◆ WORK TO BE COMPLETED: Please repeat, exactly as written, every line from the one containing "Scarpe da donna" through the last line of the records, both included, and leave out any pictures.

Start of Block

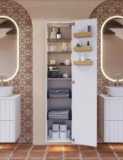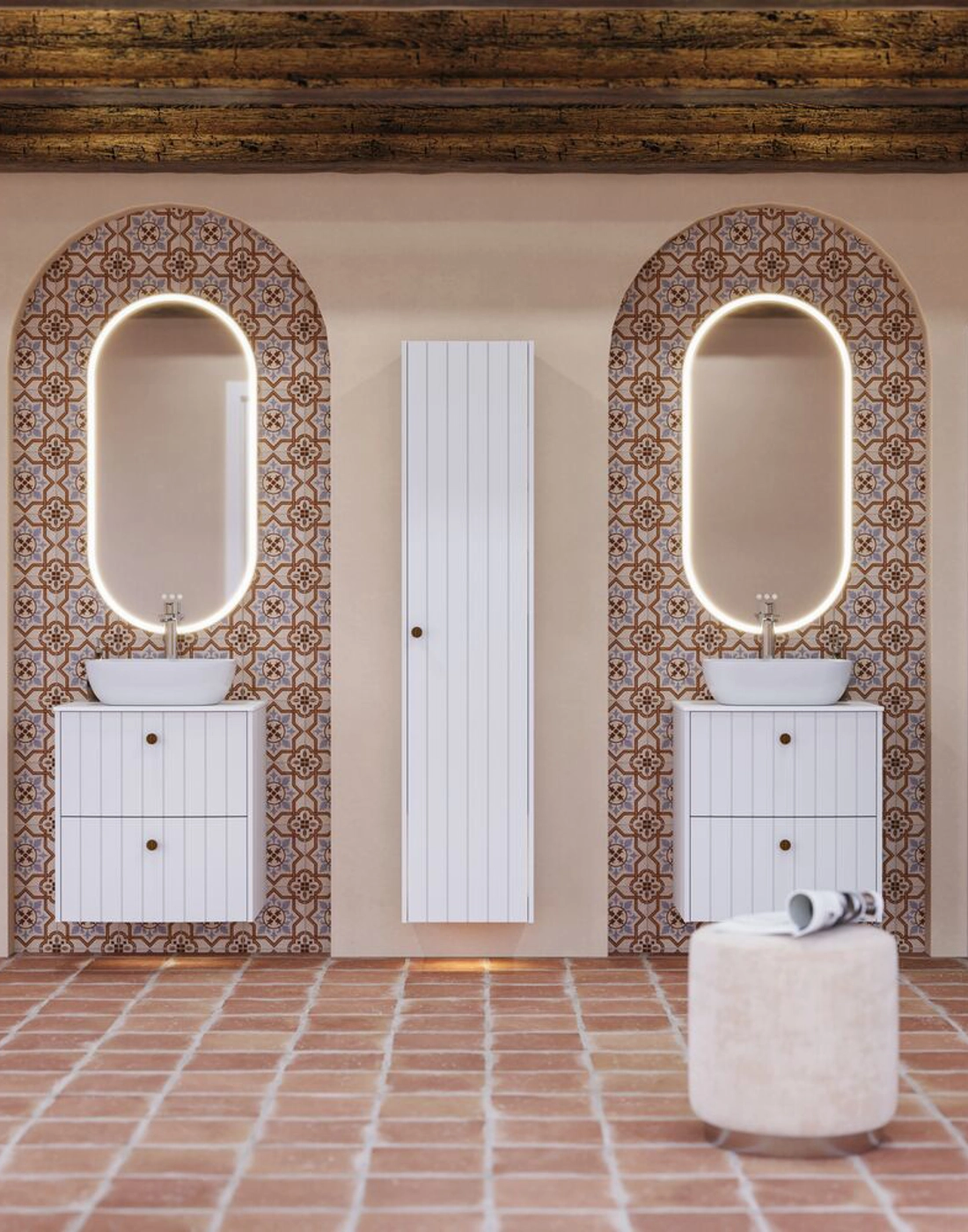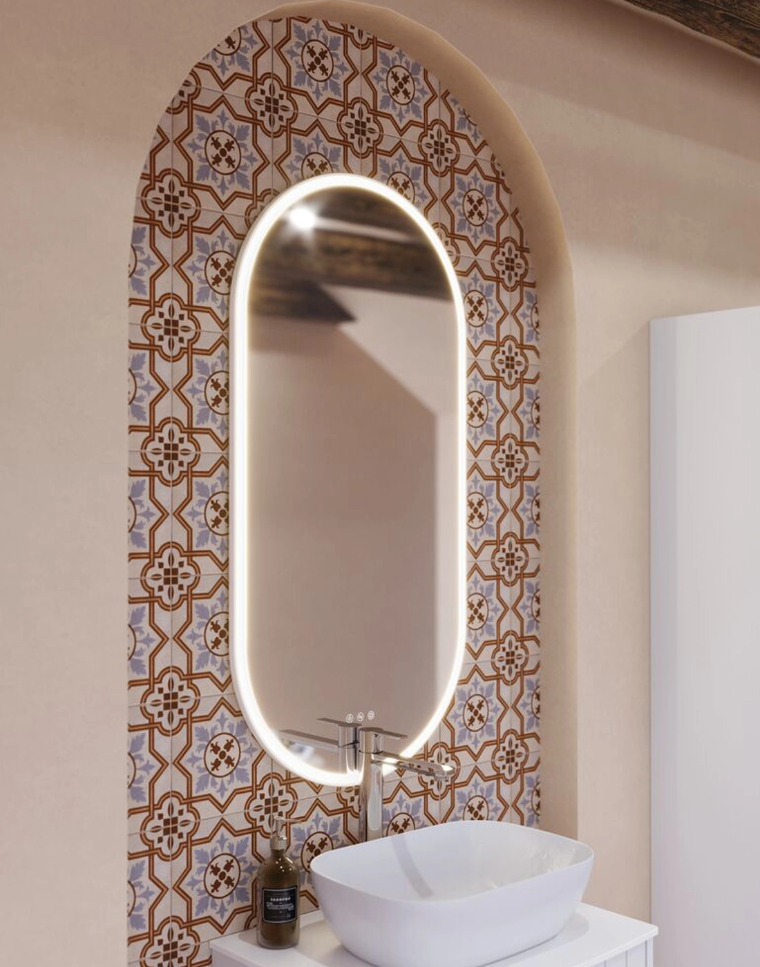 The oval Hoop mirror offers a stylish and modern look with its unique floating frame. The curved inner frame evenly directs light forward, creating soft, diffused light that provides pleasant illumination without glare. The mirror is equipped with light control, so you can adjust the brightness according to your needs, whether it's for makeup or creating a relaxing atmosphere. The Hoop mirror comes standard with a black frame, but it can also be ordered in a custom-painted color to match your bathroom. You can buy a pre-fitted anti-mist pad for the mirror to prevent the mirror from fogging up when you shower. NB: There is a start-up fee (BI2) for products with bespoke colour. It is an one-off surcharge per bespoke colour regardless number of products.
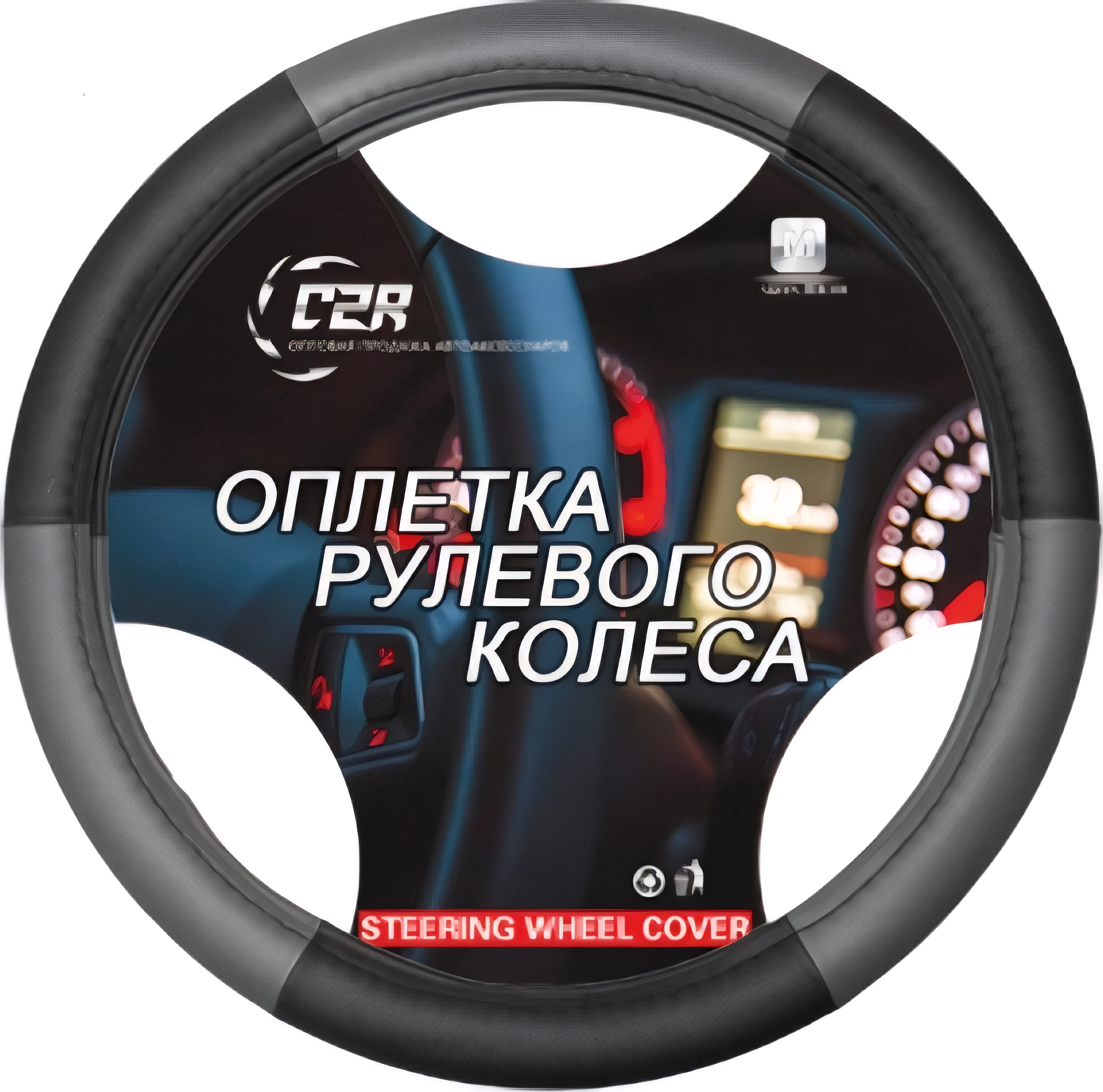 Оплетка на руль C2R M (37-39см) экокожа черный с серыми вставками
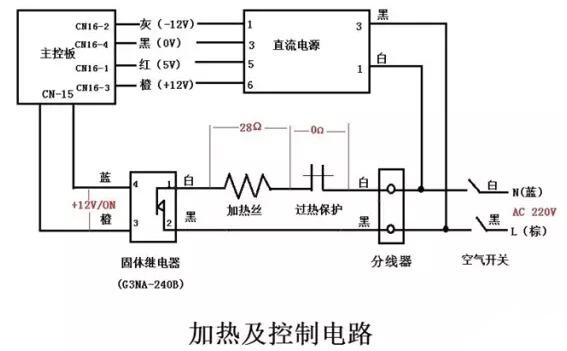 (2)加熱電路由:過熱保護器,加熱絲和固體繼電器(實際上是個開關)組成。
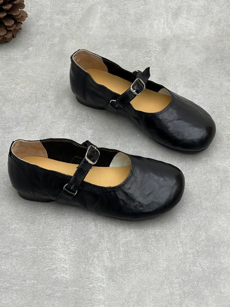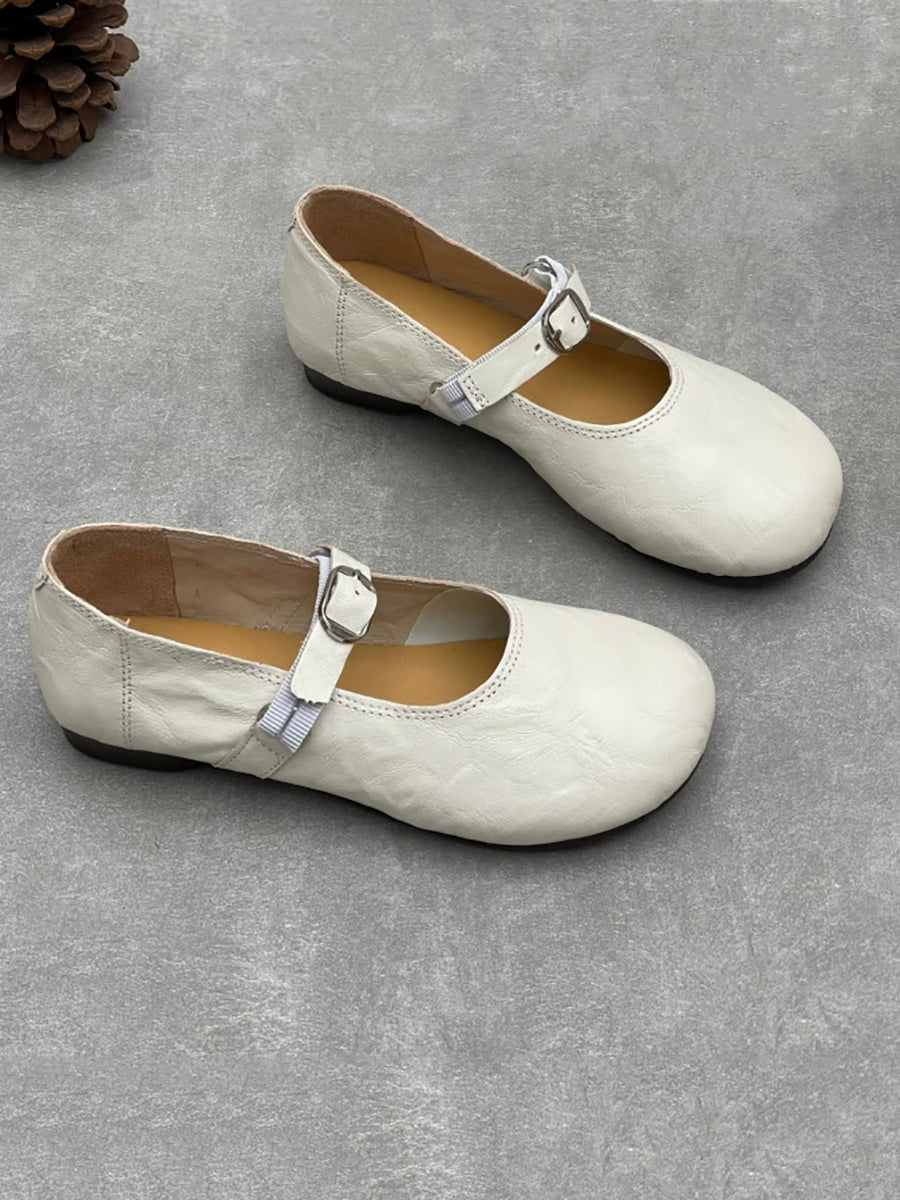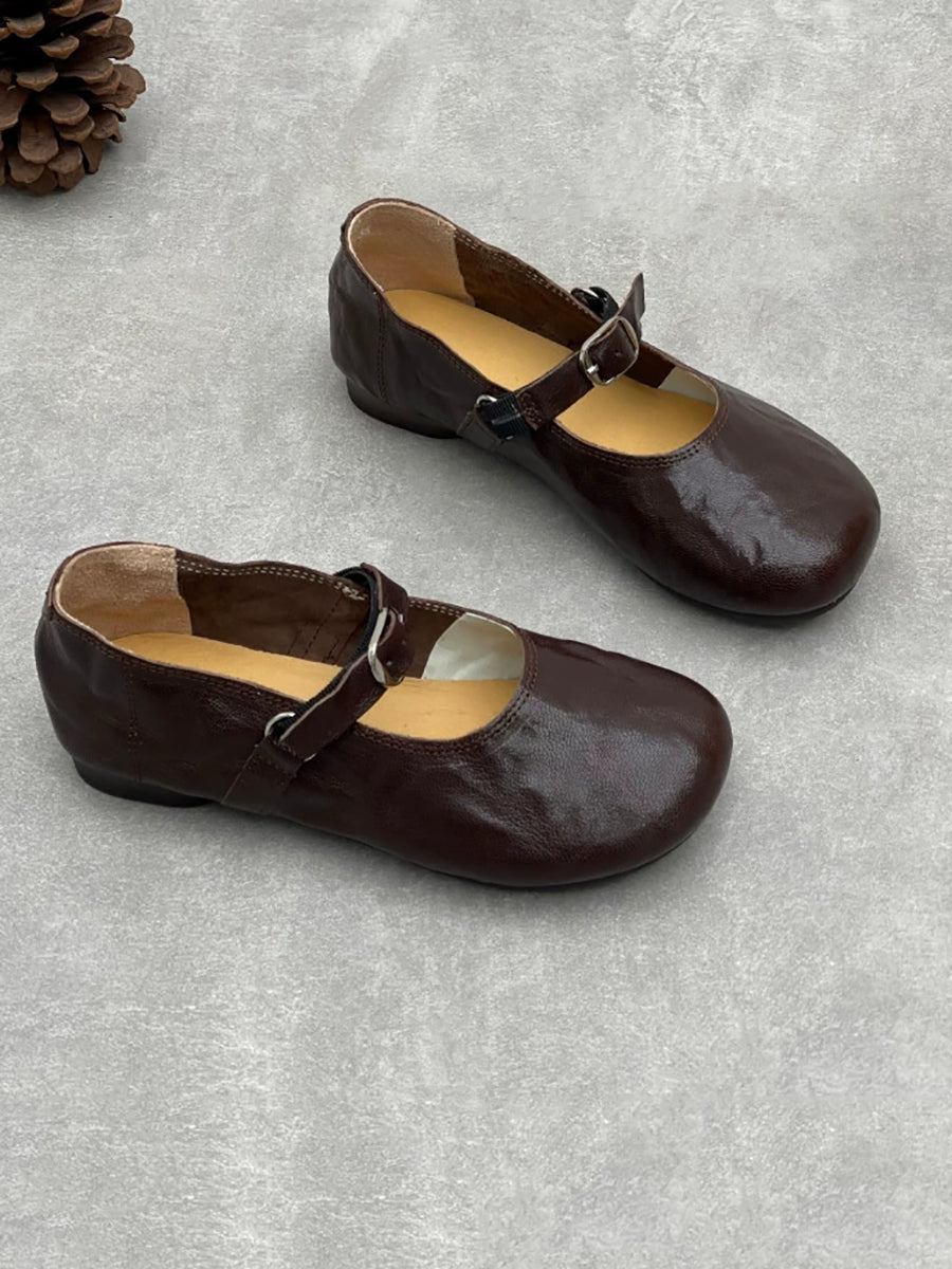 Scarpe da donna con tacco basso in vera pelle vintage primaverili
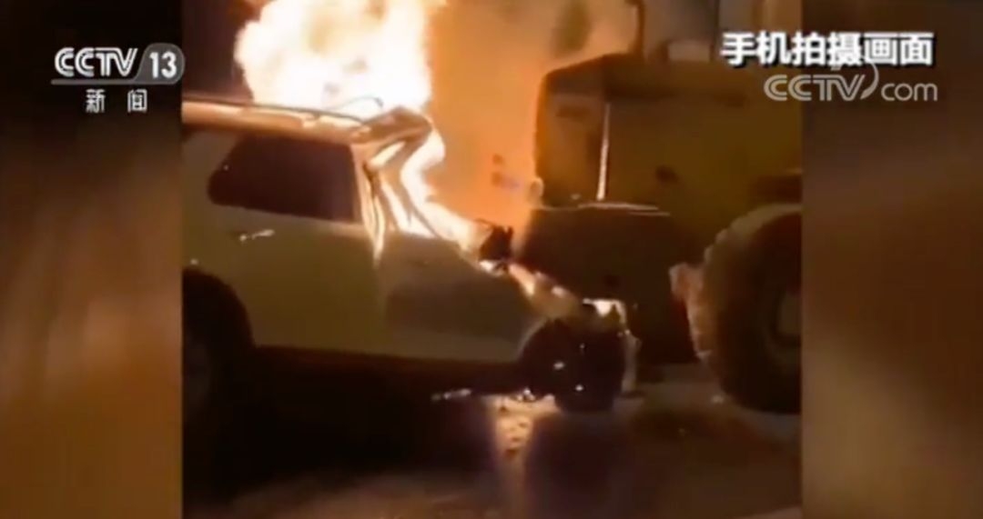 事故发生后,一段记录了追尾车辆从冒烟到起火,最终被火焰吞噬的短视频在网络上传播开来。这段视频也引发了大众对于先救人还是先报警的讨论。

End of Block

◆ SOLUTION FOR THIS EXERCISE:
 Scarpe da donna con tacco basso in vera pelle vintage primaverili
 事故发生后,一段记录了追尾车辆从冒烟到起火,最终被火焰吞噬的短视频在网络上传播开来。这段视频也引发了大众对于先救人还是先报警的讨论。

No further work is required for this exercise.